* **WHAT YOU NEED TO DO**: Find the line containing "Details: This beautiful" in the entries; transcribe it and all remaining lines through the end, exactly as they appear, but not the pictures.

(Saved data entries)
- - - - - - -

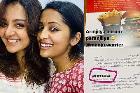 Those who recently viewed Navya Nair’s story on Instagram were in for a good laugh. The actor had posted a picture of the Warrior Burger from the restaurant chain TGI Friday’s, and captioned it: “Arinjillya aarum paranjilla, Manju Warrier,” which translates to “Didn’t know, nobody told me, Manju Warrier,” making a pun on the actor’s name. Navya Nair and Manju Warrier have been friends since they entered the Malayalam film industry, and continue to share a good rapport.
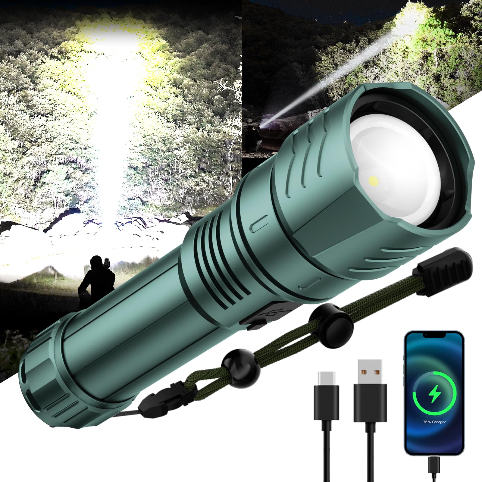 SKYFIRE Linternas recargables de 15000.00 lm de alto lúmenes, linterna LED súper brillante, zoom, banco de energía cuatro modos, l
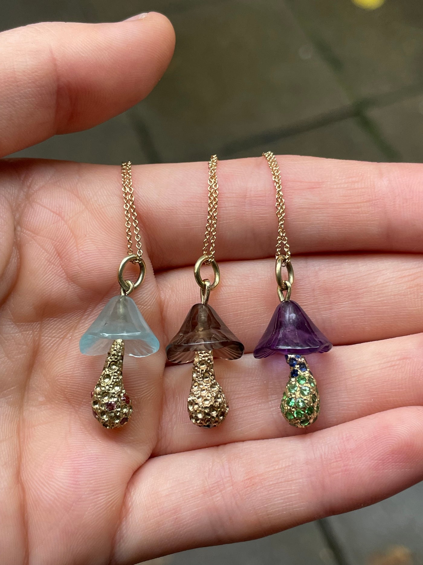 This pendant embodies calm strength and radiant energy. Aquamarine brings clarity and peace, while orange sapphires awaken joy and creativity together forming a small talisman of balance and vitality. Each piece is handcrafted to order within 4–6 weeks. The shroom pendant hangs on 16inch chain.
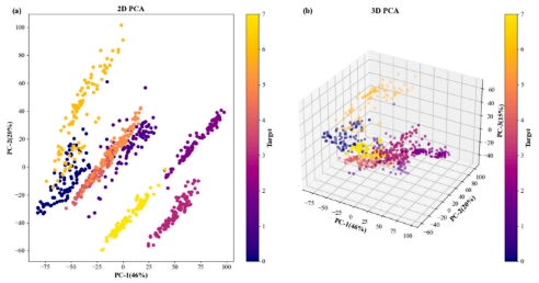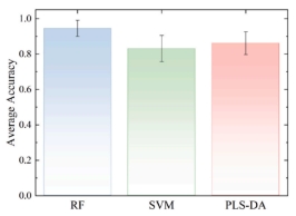 论文二研究结果表明RF模型的平均准确率达到0.9337,明显高于SVM模型的0.8281和PLS-DA模型的0.8646。RF模型在测试集中的灵敏度、特异性和准确率表现优异,并在5折交叉验证和预测集上展示了其可靠性和分类能力。RF模型的微平均AUC高达0.9996,显著超过SVM的0.9761和PLS-DA的0.9847。此外,PCA结果揭示了在分类过程中关键元素及其波长。该研究为快速、准确的钢合金分类提供了一种新颖且有效的方法,对材料科学和工业应用具有重要意义。
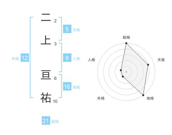 二上 亘祐さんの総格は21画の5点!
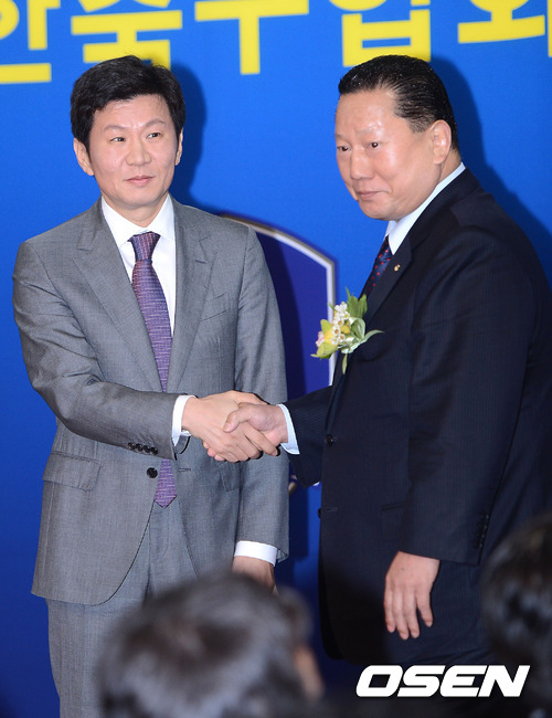 취임 후 '봉사와 소통'의 정신으로 바쁜 행보를 이어온 정몽규 회장은 이 자리에서 한국축구의 발전을 위해 헌신할 것을 다시 한 번 다짐하고, 온 축구가족이 힘을 함께 모아줄 것을 부탁했다. 또 전임 조중연 회장의 임기동안의 노고를 기리며 감사패를 전달하는 시간도 마련됐다. / youngrae@osen.co.kr
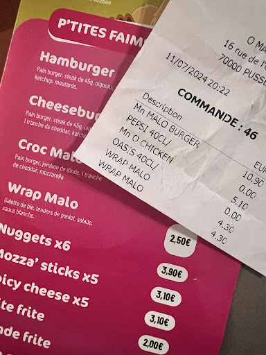 Read moreO Malo 70000 Pusey : repas vraiment pas bon , première fois que j’y suis aller avec un collègue et ce serra la dernière , Burger très acide les pain était toaster et sec ,les potatoes n’en parlons pas , le tacos cramé, frite à l’intérieur pas cuite fromage elastic , sauce acide , à ce demander si la date de certains produit n’étais pas dépassez , rien manger du tout , j’ai fais passez le message au cuisinier , il m’a répondue que C’était normal qu’il faisait ça tous les jours et que les gens étaient contents , que C’était moi qui aimais pas les produits et qu’il y avais aucun soucis , aucun geste n’a voulu être effectuer , de plus mon collègue a été servie 40 min avant moi , cela étais normal aussi alors que nous avions passez la commande en même temp heureusement que l’on étais pas 10 !...
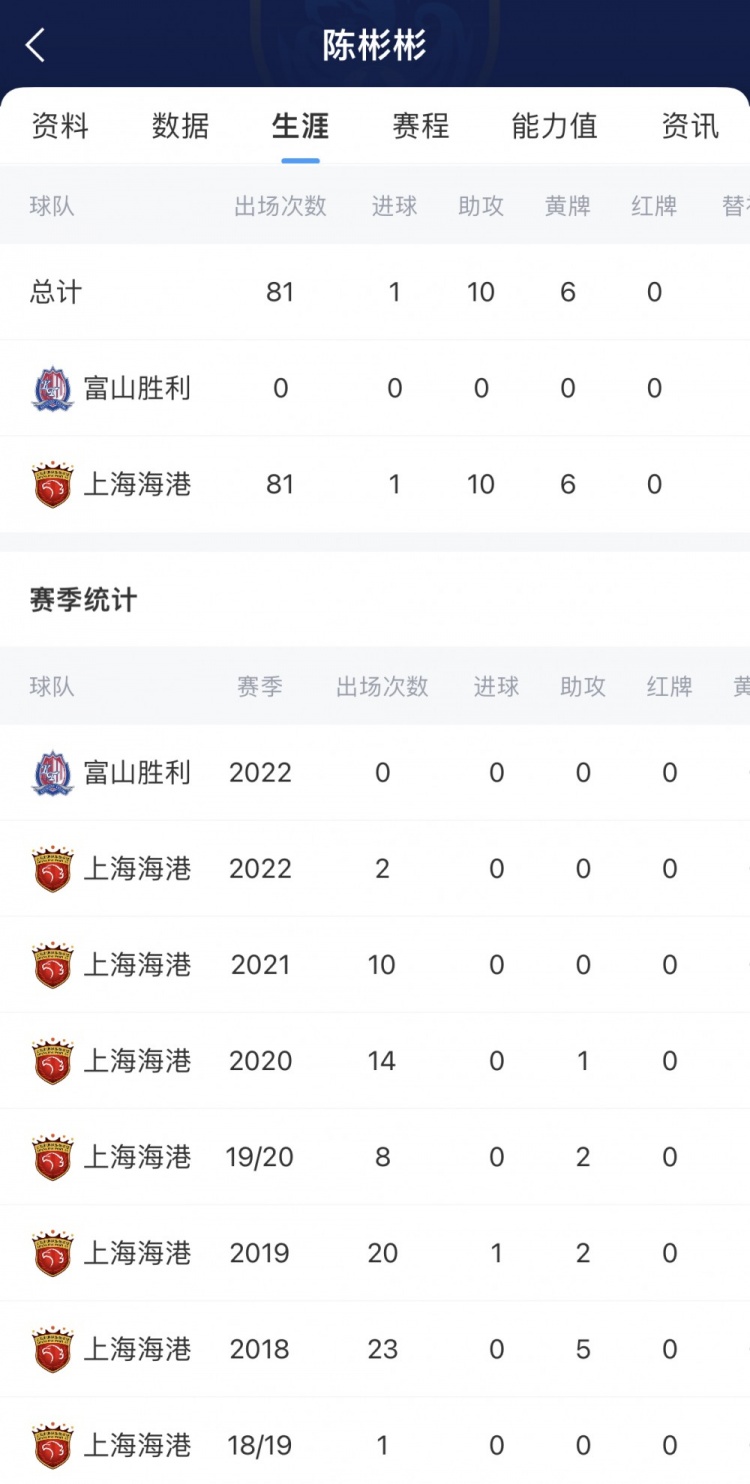 陳彬彬出生于1998年,今年6月將滿27歲,場上司職左前衛和左翼衛。此前他在上海海港(上港)效力多年,也曾到日本J3聯賽留洋。上賽季結束后,陳彬彬離開海港,隨后加盟南通支云。
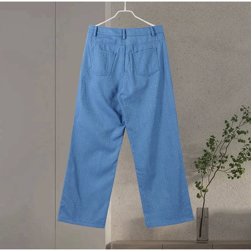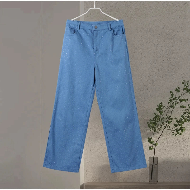 The long pants are tailored to fit the leg lines, exuding elegance as you walk. Denim sets in different colors meet diverse style needs.
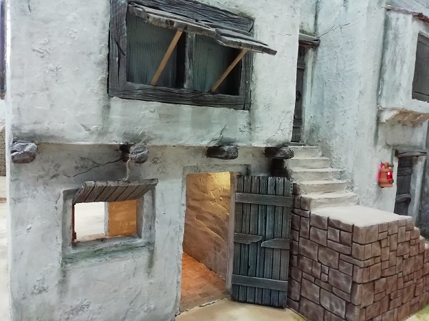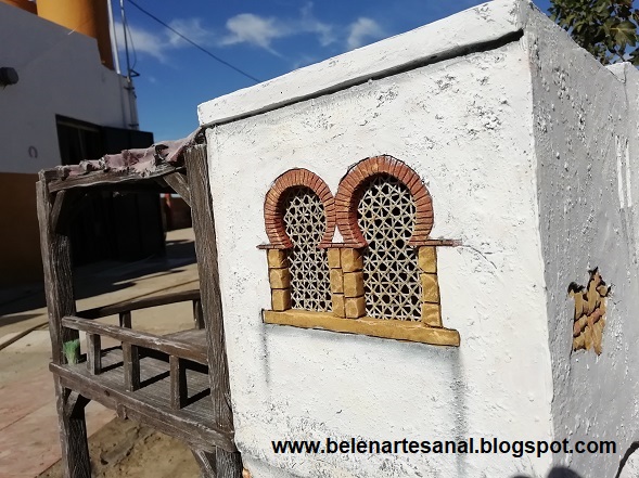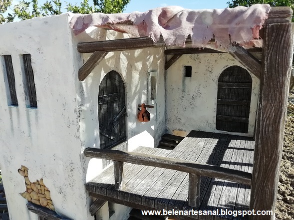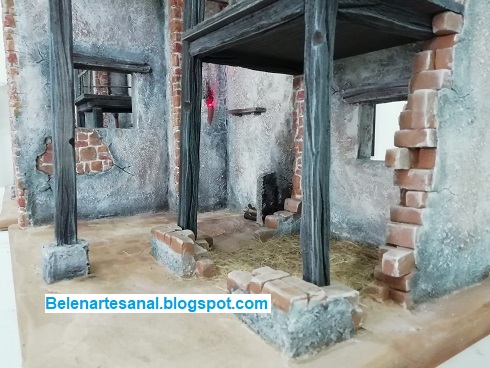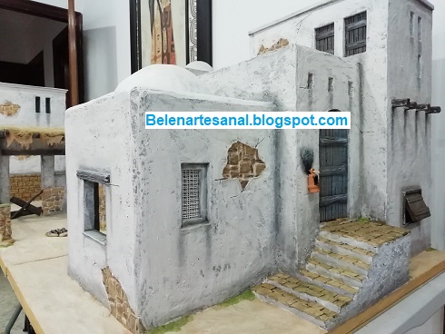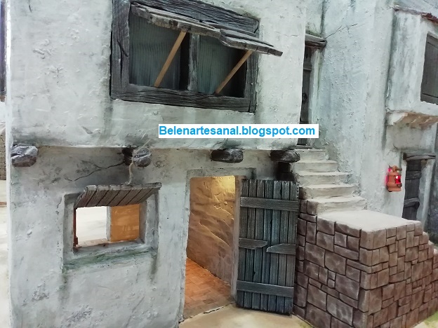 Nuevo "caserío" para el Belén, casa de 2 plantas con escaleras de madera y parte inferior con pesebre.
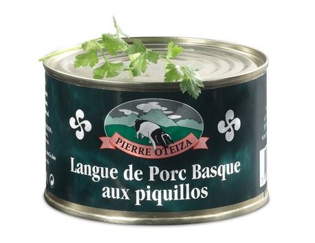 Recette de langue de porc basque aux piquillos : Langue de Porc Basque (59%), crème fraîche (LACTOSE), oignons, pimientos del Piquillo (5,6%) (acidifiant : acide citrique et épaississant : chlorure de calcium), sel.
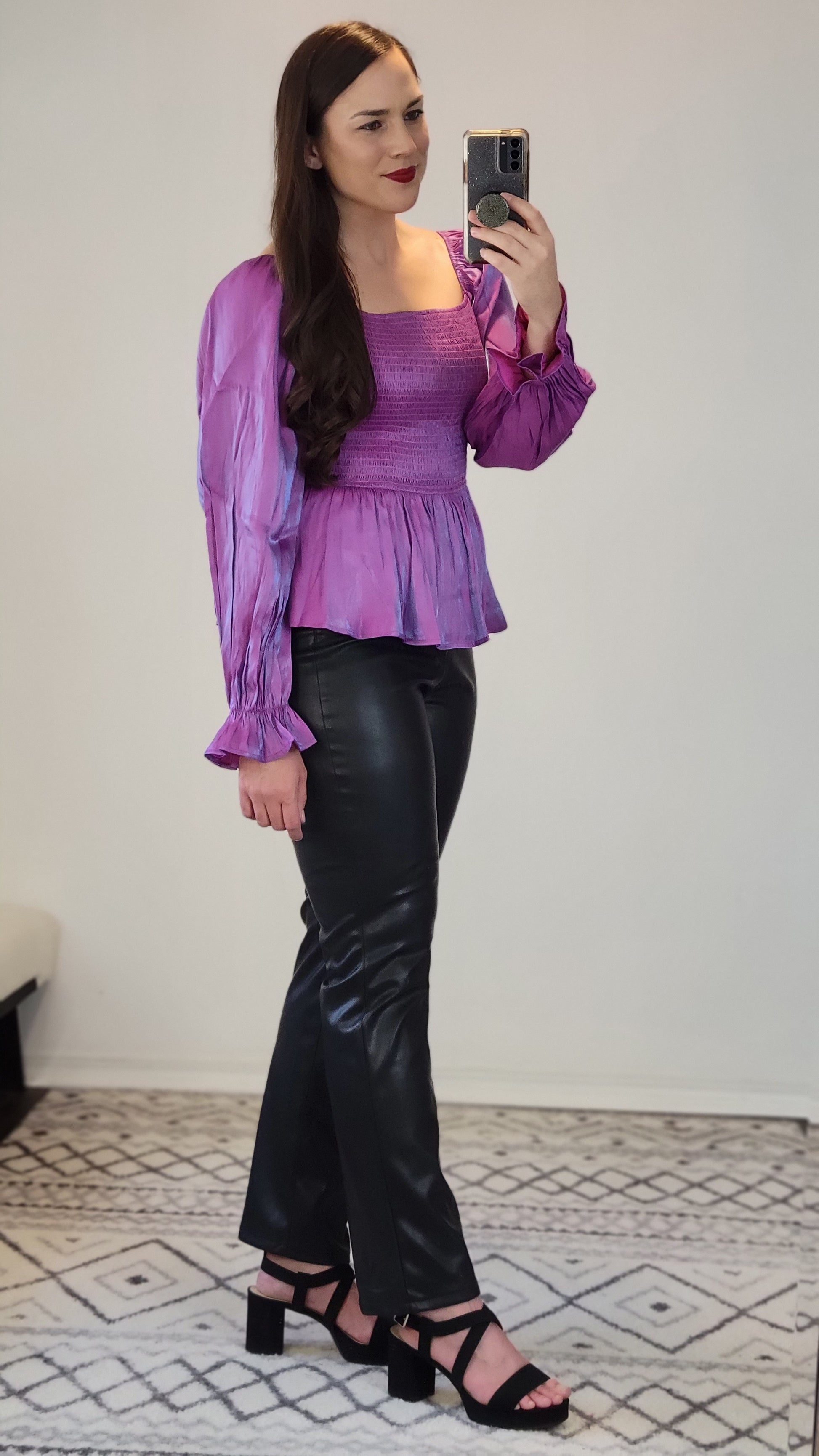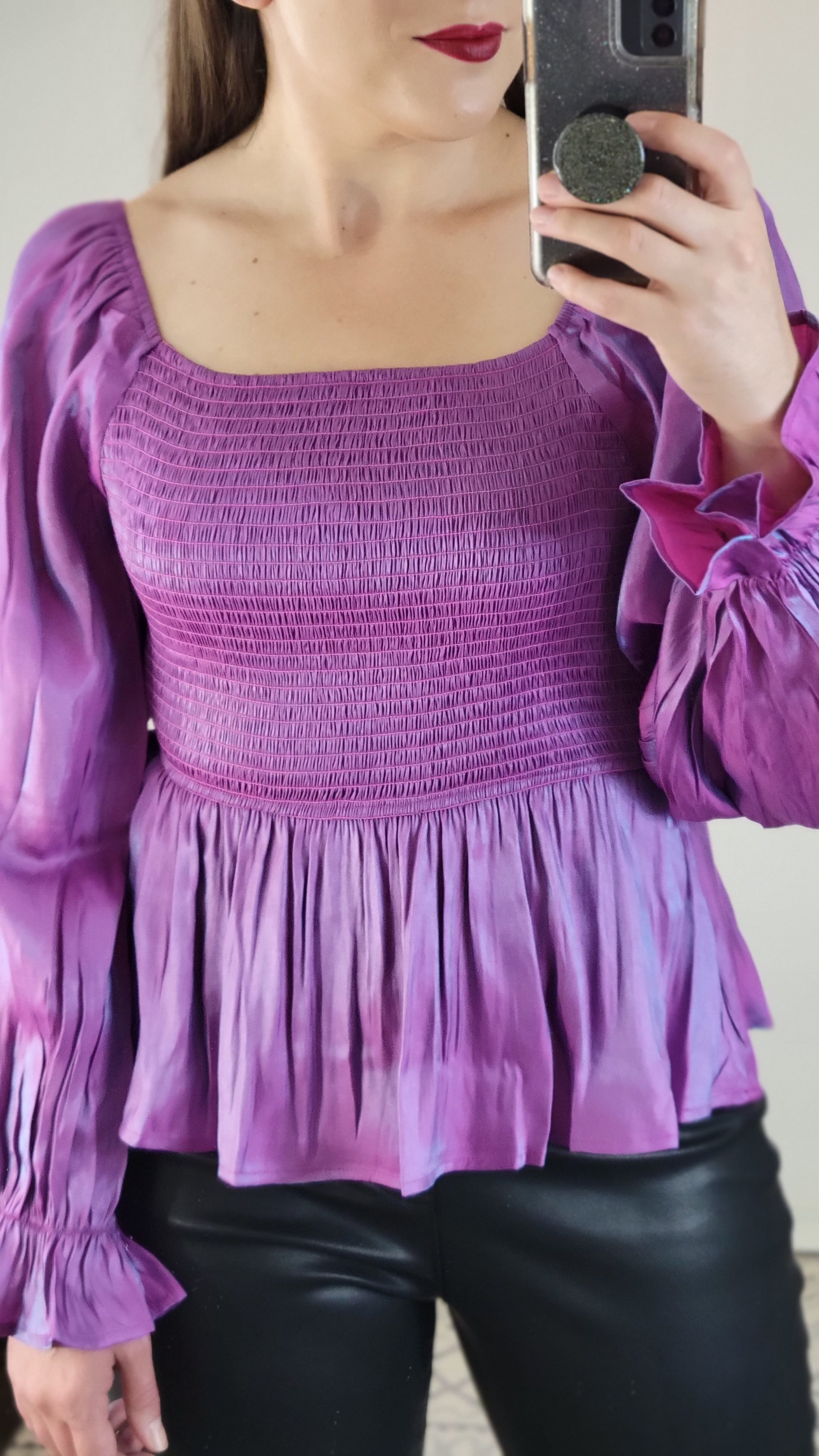 Details: This beautiful chic shimmery metalic top features a smocked bodice with peplum detail, long sleeves, and square neck. The magenta color is gorgeous and the shimmer has hints of blue. Pair it with some black pants and a nice bootie or heels!
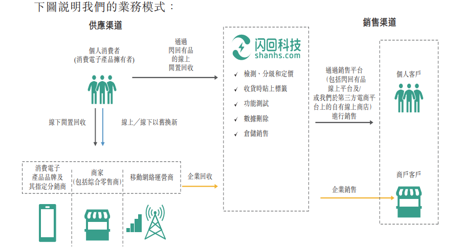 闪回科技有两个核心企业品牌:闪回收和闪回有品。闪回收是公司开展线下回收业务,通过上游资源合作伙伴从个人消费者回收二手消费电子产品的主要品牌。闪回有品是公司在自有线上平台及/或于公司在第三方电子商务平台上的自有网店向客户销售采购的二手消费电子产品的主要品牌。

- - - - - - -

* **ANSWER BELOW**:
 Details: This beautiful chic shimmery metalic top features a smocked bodice with peplum detail, long sleeves, and square neck. The magenta color is gorgeous and the shimmer has hints of blue. Pair it with some black pants and a nice bootie or heels!
 闪回科技有两个核心企业品牌:闪回收和闪回有品。闪回收是公司开展线下回收业务,通过上游资源合作伙伴从个人消费者回收二手消费电子产品的主要品牌。闪回有品是公司在自有线上平台及/或于公司在第三方电子商务平台上的自有网店向客户销售采购的二手消费电子产品的主要品牌。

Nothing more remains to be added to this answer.